[EXERCISE MATERIALS Boundary: Start]

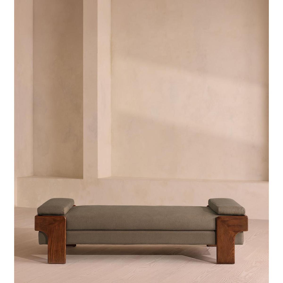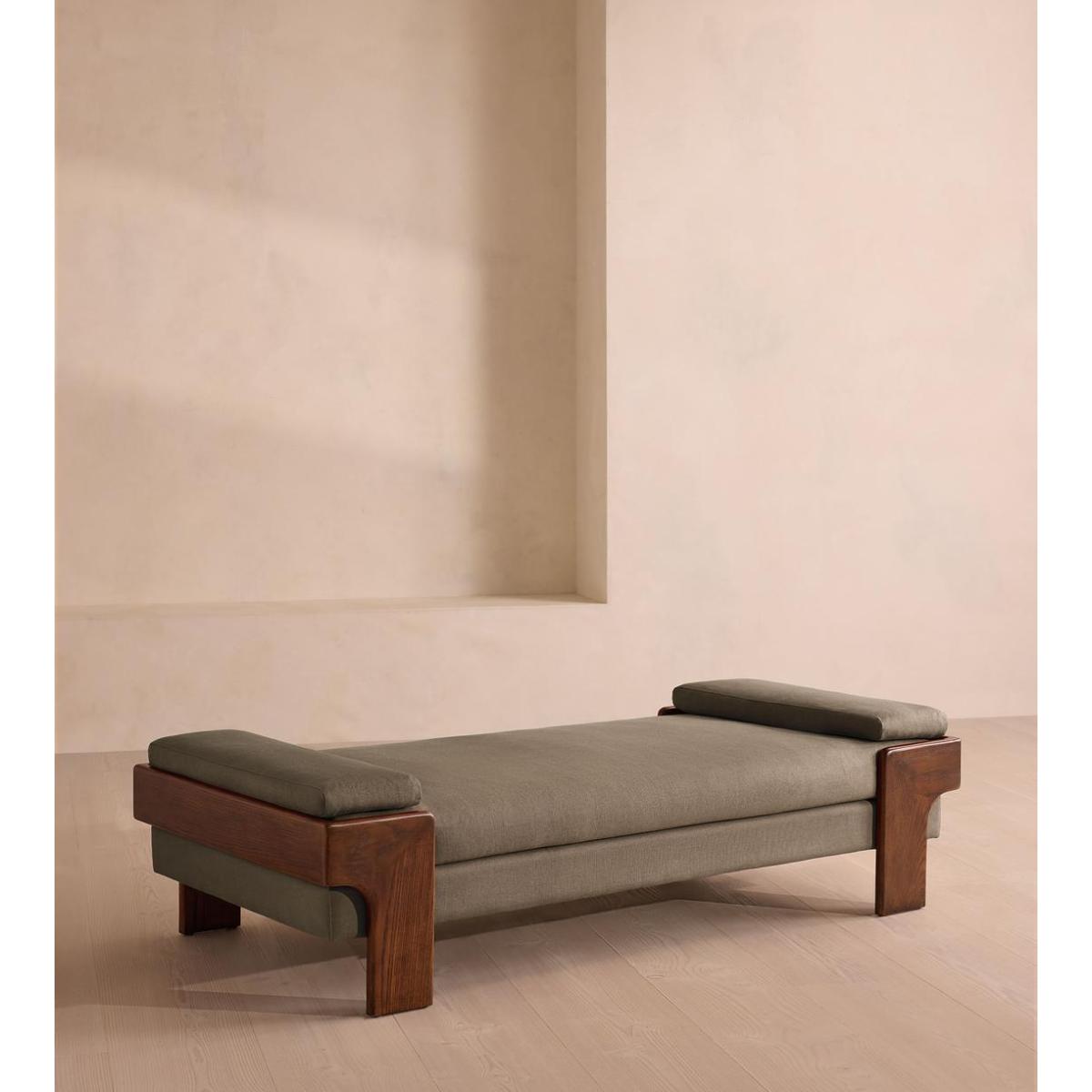 The relaxed silhouette is finished with feather-wrapped cushions upholstered in linen. Designed as part of our Marcia range, this daybed similarly echoes the relaxed social setting of Shoreditch House with its wide, laid-back silhouette. Its feather-wrapped seat cushion and two bolster cushions are fully upholstered in linen, available in our made-to-order palette.
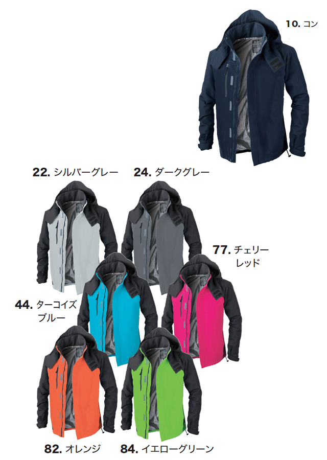 カラーは、鮮やかなターコイズブルー・チェリーレッドと定番のダークグレー・コンの4色です。SS~5Lまでと幅広いサイズ展開で、男女兼用でご利用いただけるブルゾンです。
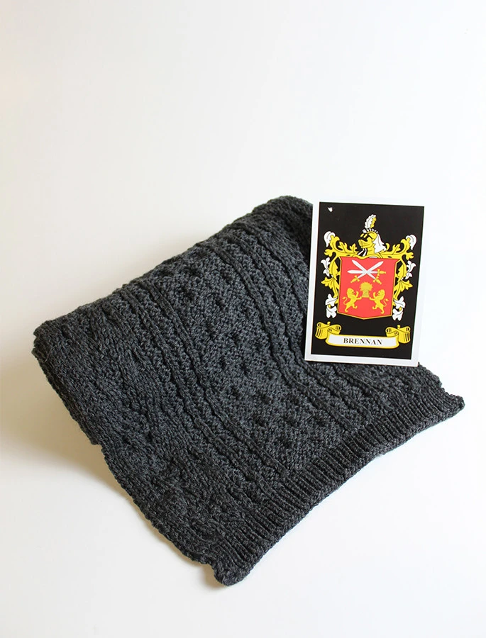 The Brennan Clan Aran Scarf is a wonderful item of Brennan heritage which will be cherished by the wearer for generations to come. Lovingly crafted from the finest 100% soft new wool, this Aran wool scarf has been created following the unique Brennan Clan Aran pattern.
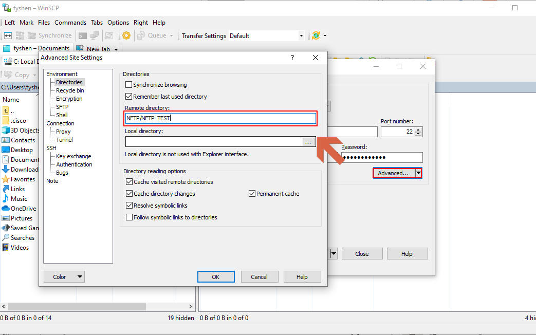 4.Click“Advance” and “default remote directory”: To set specify the pathand click Login (If the directory does not set, login to default directory) |
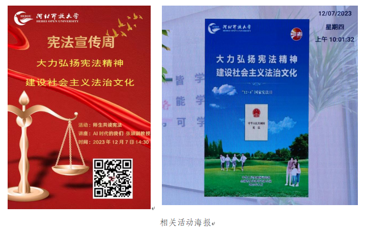 2023年12月4日是我國第十個國家憲法日,12月1日至12月7日是第六個“憲法宣傳周”,今年“憲法宣傳周”主題為“大力弘揚憲法精神,建設社會主義法治文化”。為了認真學習宣傳貫徹習近平法治思想、習近平文化思想,持續弘揚憲法精神,維護憲法權威,提升我校師生法治素養,教學支持部聯合科研與規劃處開展河北開放大學體系“憲法宣傳周”主題活動。12月7日下午,集中組織河北開放大學體系師生進行“師生共讀憲法”和“AI時代的我們”專題講座活動。
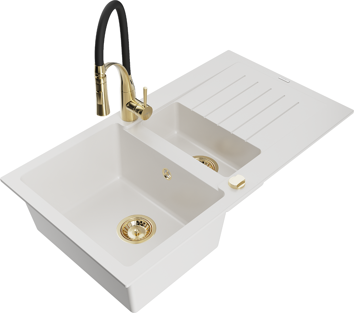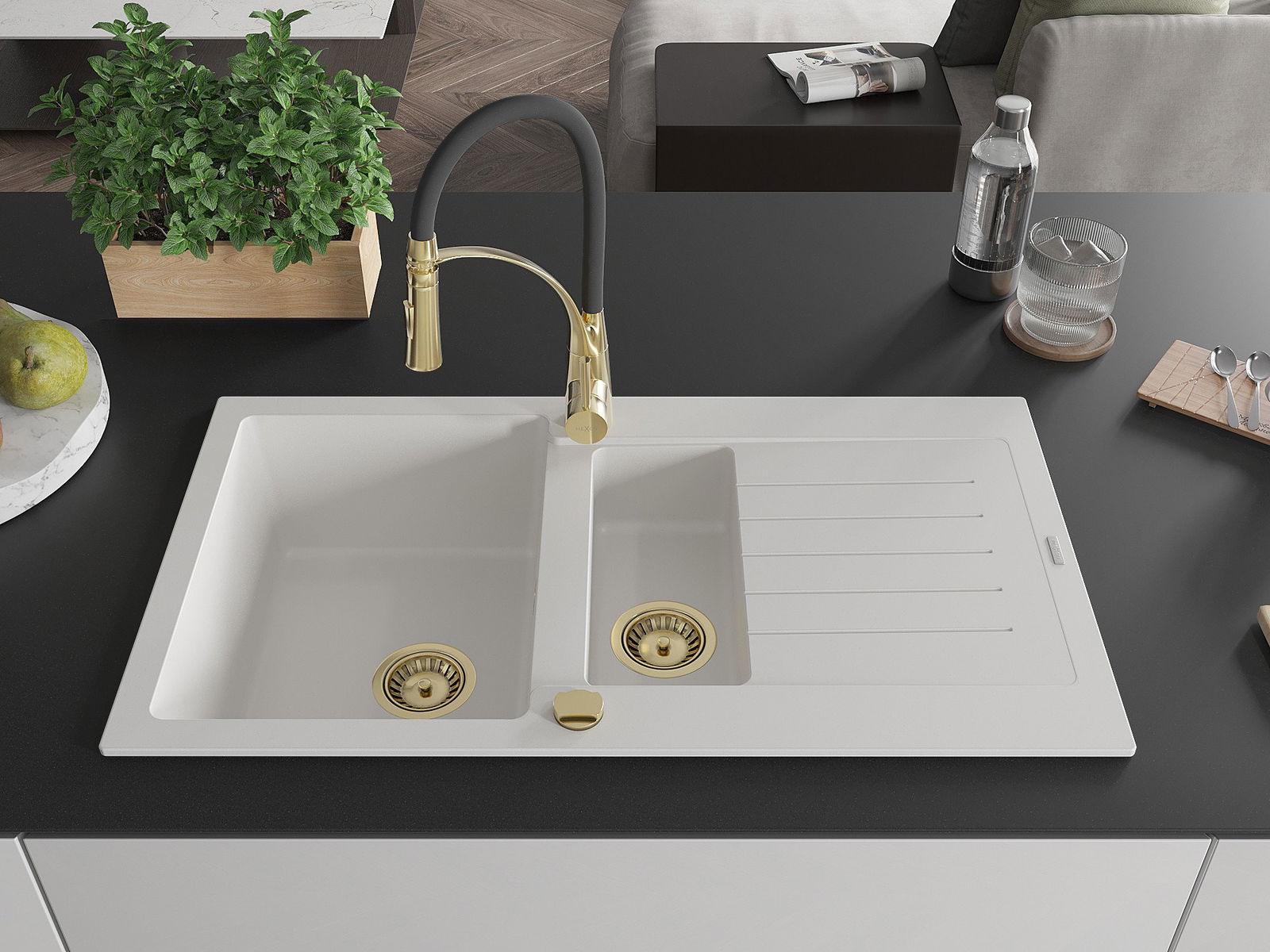 Mexen Matias évier en granit 1,5 bac avec égouttoir et robinet de cuisine Aster, blanc - 6502-20-73450-57-G
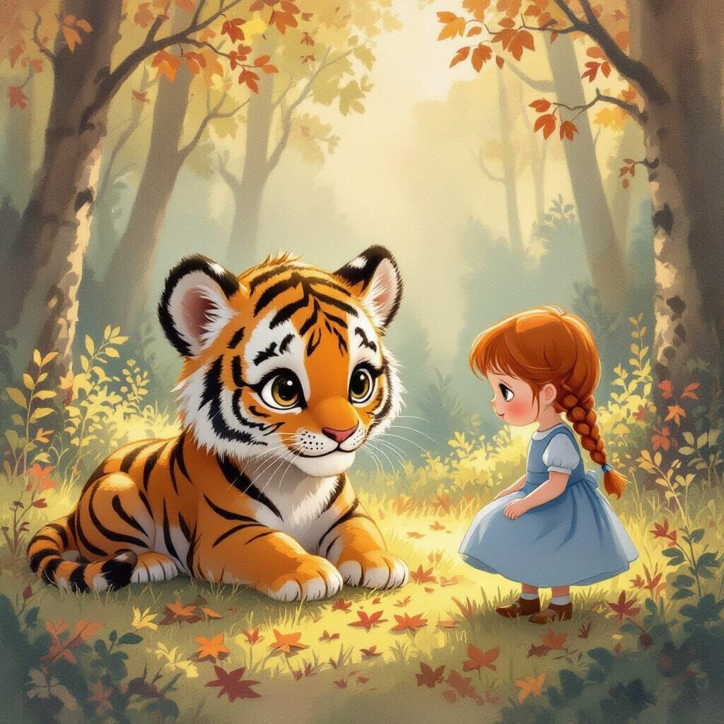 A heartwarming illustration of a sad tiger cub discovered by a red-haired girl in a sunlit forest. The scene captures a moment of gentle discovery and friendship in a storybook style.
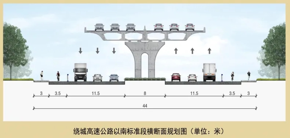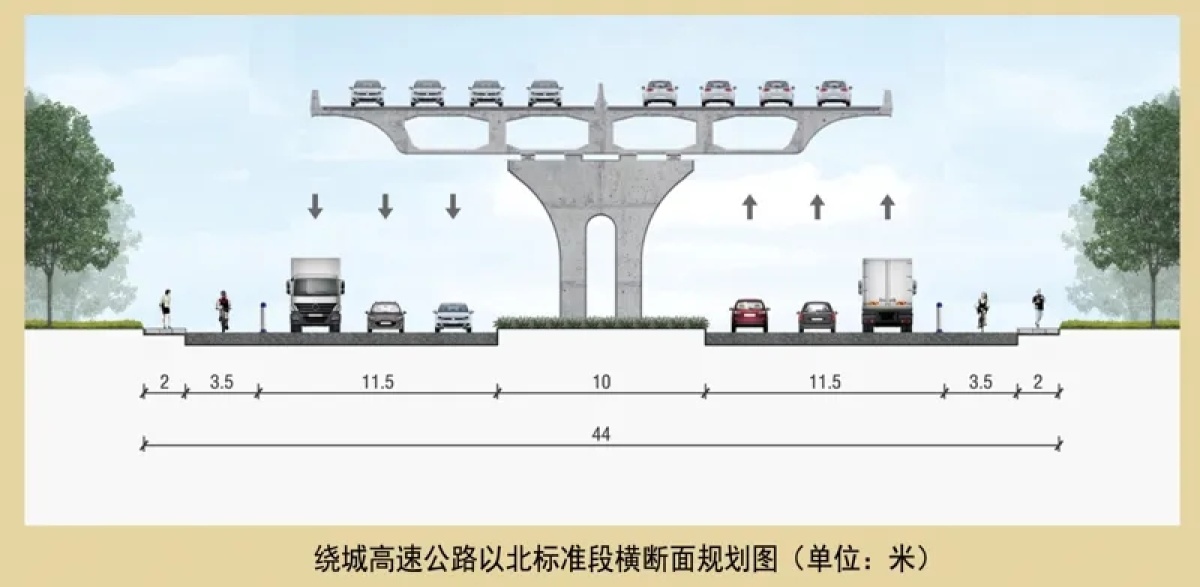 本项目规划方案总体采用高架快速路形式,重要节点设置立交。在满足交通功能的前提下,尽量减少占地规模,全线标准段规划实施宽度为44米。
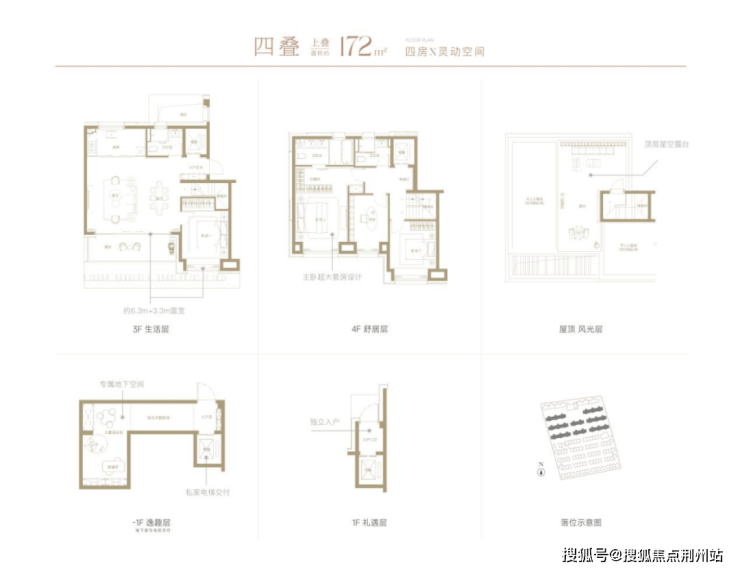 2026“高低配”新盘供应时代,尚园是市面上罕有“全四叠墅”。三批次加推179㎡明星下叠,约9.6米宽厅美墅,享有大尺度花园、露台、地下室。户内私家电梯、独门独院、四卧全朝南。首层设老人房,约6.3米LDK大横厅+首层大落地窗,与前庭花园边界消融。二层约9.6米南向大三开间面宽,横向衔接主人套房+独立书房+超大观景露台。
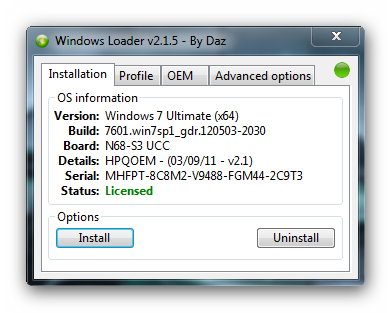 Название программы: Windows Loader by Daz Версия программы: v2.1.5 Адрес официального сайта: Windows LoaderЯзык интерфейса: Английский Системные требования:Windows 7 Windows Vista Windows Server 2008 Описание:Это загрузочное приложение, используемое миллионами людьми по всему миру, хорошо известное тем, что обходит Microsoft's WAT (Windows Activation Technologies) и, вероятно, является самым безопасным из всех подобных. Приложение внедряет SLIC (System Licensed Internal Code) в вашу систему до начала загрузки Windows, да так, что "недалёкая Windows" начинает считать себя активированной. Запускать от имени Администратора (желательно из проводника Windows, а не из другого файлового менеджера) Supported operating systems

[EXERCISE MATERIALS Boundary: End]

» EXERCISE PROMPT
Starting at the line above that holds "カラーは、鮮やかなターコイズ", return each line up to and including the one that holds "2023年12月4日是我國第", exactly as written, minus any pictures.

» TASK ANSWER
 カラーは、鮮やかなターコイズブルー・チェリーレッドと定番のダークグレー・コンの4色です。SS~5Lまでと幅広いサイズ展開で、男女兼用でご利用いただけるブルゾンです。
 The Brennan Clan Aran Scarf is a wonderful item of Brennan heritage which will be cherished by the wearer for generations to come. Lovingly crafted from the finest 100% soft new wool, this Aran wool scarf has been created following the unique Brennan Clan Aran pattern.
 4.Click“Advance” and “default remote directory”: To set specify the pathand click Login (If the directory does not set, login to default directory) |
 2023年12月4日是我國第十個國家憲法日,12月1日至12月7日是第六個“憲法宣傳周”,今年“憲法宣傳周”主題為“大力弘揚憲法精神,建設社會主義法治文化”。為了認真學習宣傳貫徹習近平法治思想、習近平文化思想,持續弘揚憲法精神,維護憲法權威,提升我校師生法治素養,教學支持部聯合科研與規劃處開展河北開放大學體系“憲法宣傳周”主題活動。12月7日下午,集中組織河北開放大學體系師生進行“師生共讀憲法”和“AI時代的我們”專題講座活動。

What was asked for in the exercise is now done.